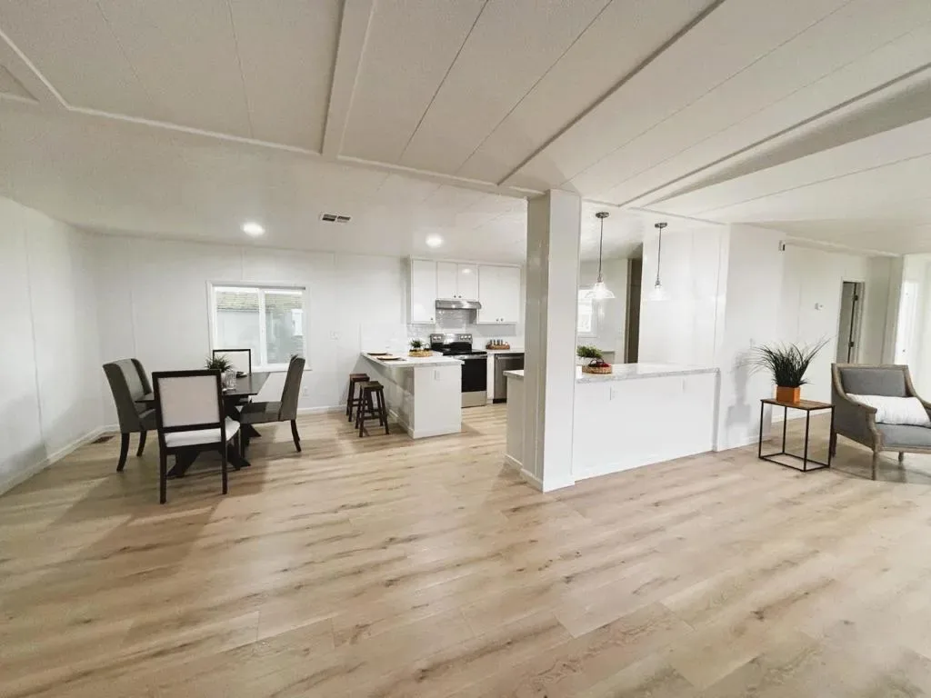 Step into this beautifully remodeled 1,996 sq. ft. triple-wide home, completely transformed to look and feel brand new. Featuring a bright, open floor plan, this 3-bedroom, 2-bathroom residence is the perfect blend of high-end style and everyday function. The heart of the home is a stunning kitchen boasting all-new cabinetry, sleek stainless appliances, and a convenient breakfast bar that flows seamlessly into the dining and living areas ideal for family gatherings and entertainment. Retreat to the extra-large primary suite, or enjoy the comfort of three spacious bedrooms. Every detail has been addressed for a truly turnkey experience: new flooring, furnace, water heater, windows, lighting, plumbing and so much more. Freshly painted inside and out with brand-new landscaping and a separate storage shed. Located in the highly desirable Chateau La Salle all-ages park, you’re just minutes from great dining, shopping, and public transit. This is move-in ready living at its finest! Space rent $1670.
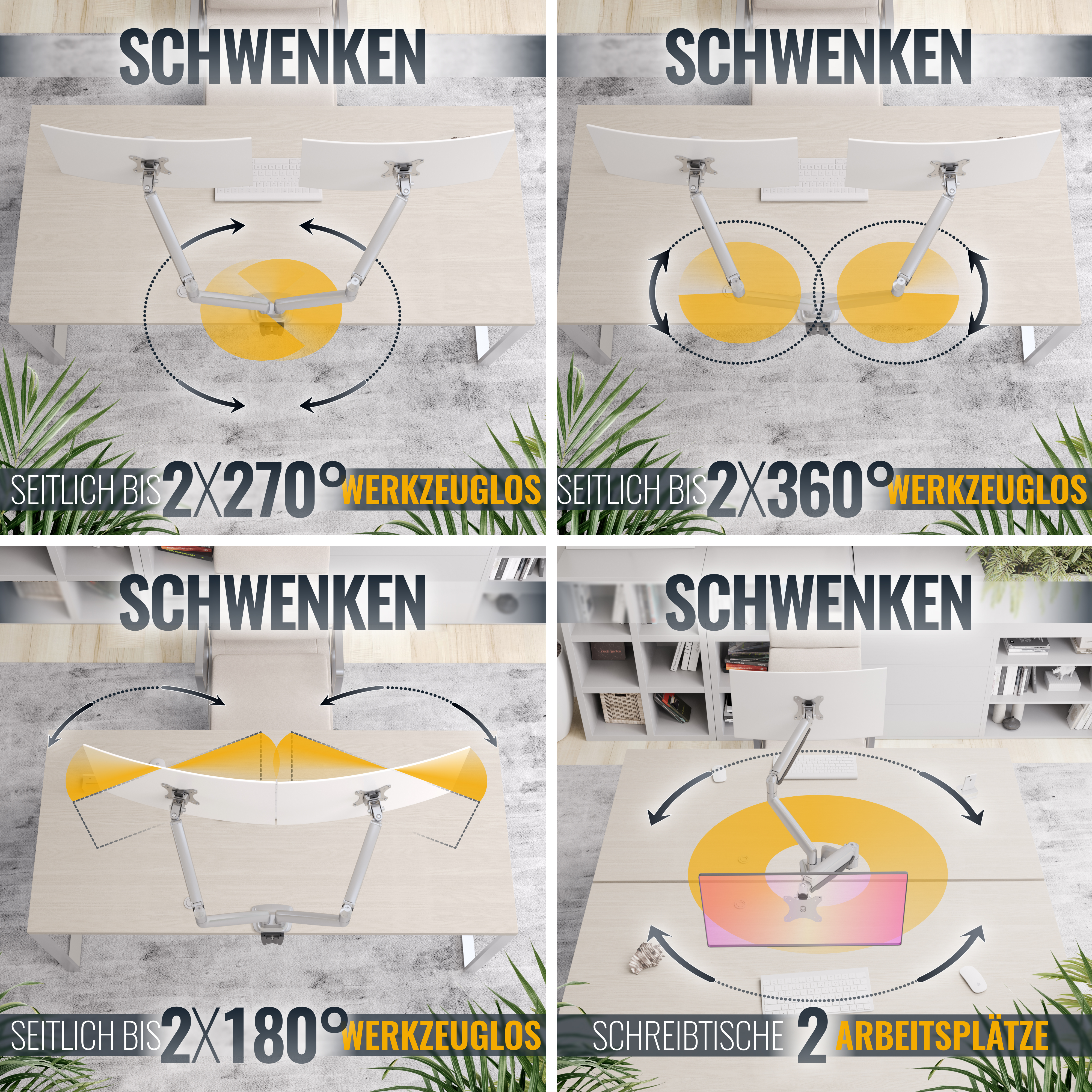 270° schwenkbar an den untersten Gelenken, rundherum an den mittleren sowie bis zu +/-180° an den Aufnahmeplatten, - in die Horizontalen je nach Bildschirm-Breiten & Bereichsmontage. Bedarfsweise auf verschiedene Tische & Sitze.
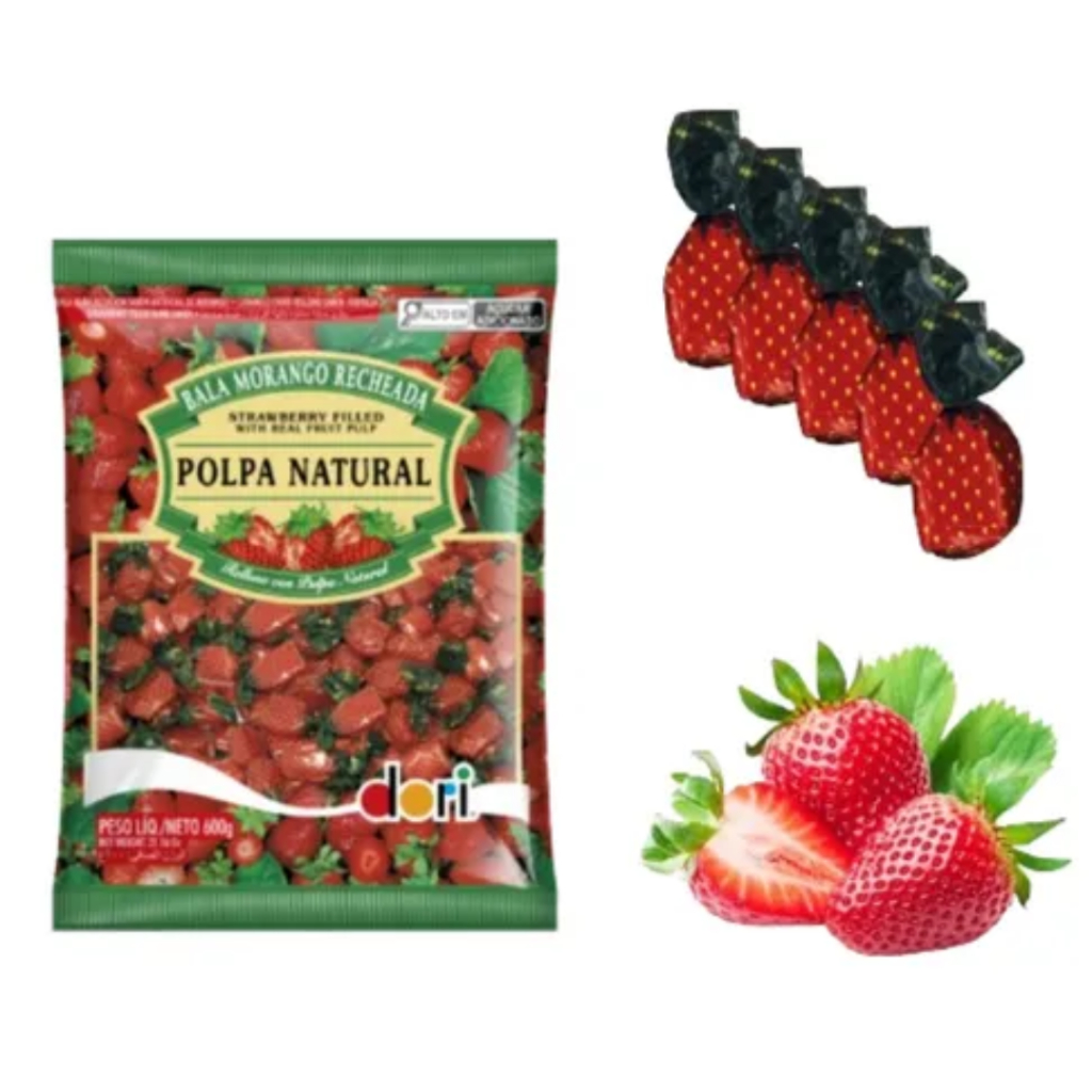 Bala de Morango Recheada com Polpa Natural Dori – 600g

***

Repeat the whole of the material above exactly, but keep the pictures out.

Task result:
 Step into this beautifully remodeled 1,996 sq. ft. triple-wide home, completely transformed to look and feel brand new. Featuring a bright, open floor plan, this 3-bedroom, 2-bathroom residence is the perfect blend of high-end style and everyday function. The heart of the home is a stunning kitchen boasting all-new cabinetry, sleek stainless appliances, and a convenient breakfast bar that flows seamlessly into the dining and living areas ideal for family gatherings and entertainment. Retreat to the extra-large primary suite, or enjoy the comfort of three spacious bedrooms. Every detail has been addressed for a truly turnkey experience: new flooring, furnace, water heater, windows, lighting, plumbing and so much more. Freshly painted inside and out with brand-new landscaping and a separate storage shed. Located in the highly desirable Chateau La Salle all-ages park, you’re just minutes from great dining, shopping, and public transit. This is move-in ready living at its finest! Space rent $1670.
 270° schwenkbar an den untersten Gelenken, rundherum an den mittleren sowie bis zu +/-180° an den Aufnahmeplatten, - in die Horizontalen je nach Bildschirm-Breiten & Bereichsmontage. Bedarfsweise auf verschiedene Tische & Sitze.
 Bala de Morango Recheada com Polpa Natural Dori – 600g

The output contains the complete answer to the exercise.